Klasyczny uraz Bankarta - warga chrzęstna stawowa jest oddzielona od przedniego brzegu wyrostka stawowego łopatki wraz z torebką i więzadłami ramiennymi.

B. Niekompletny uraz Bankarta - obrąbek chrzęstny stawowy i torebka stawu barkowego nie są całkowicie oderwane od wyrostka stawowego łopatki.

B. Kapsułka jest odrywana od szyi łopatki, warga chrzęstna stawowa jest odrywana i izolowana. W tym przypadku dochodzi do rozciągnięcia torebki, nadmiernego rozciągnięcia i przemieszczenia dolnego więzadła ramienno-ramiennego. Na przedniej krawędzi wyrostka stawowego łopatki określa się uszkodzenie tkanki kostno-chrzęstnej, spowodowane urazowym uderzeniem tylno-bocznej części głowy kości ramiennej podczas pierwotnego zwichnięcia. Jest to typowy i najczęstszy uraz w nawracającym przednim zwichnięciu barku.

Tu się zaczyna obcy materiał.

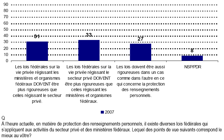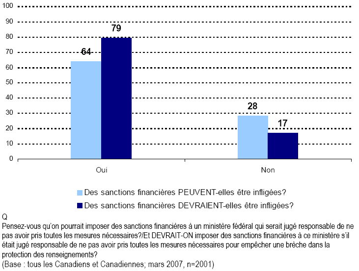 - Sanctions et lois — En proportion importante, les Canadiennes et les Canadiens sont d’avis que dans les cas où la confidentialité des renseignements n’est pas respectée comme il se doit, il existe des peines et sanctions applicables. Ces résultats indiquent que les dispositions qui seraient prévues à cet égard, selon les suppositions de la plupart des Canadiennes et Canadiens, ne sont pas dans les faits aussi rigoureuses qu’ils s’y attendent.

G. Złamanie przedniego dolnego brzegu kości wyrostka stawowego łopatki. W tym przypadku więzadło ramienno-ramienne dolne jest przesunięte w dół, torebka jest rozciągnięta, a warga chrzęstna stawowa może być nieobecna.

D. Zwyrodnienie obrąbka z nadmiarem torebki przedniej. W tych przypadkach zmiana jest trudna do rozpoznania ze względu na bliznowatą degenerację obrąbka chrzęstnego stawowego i kompleksu więzadła ramienno-ramiennego.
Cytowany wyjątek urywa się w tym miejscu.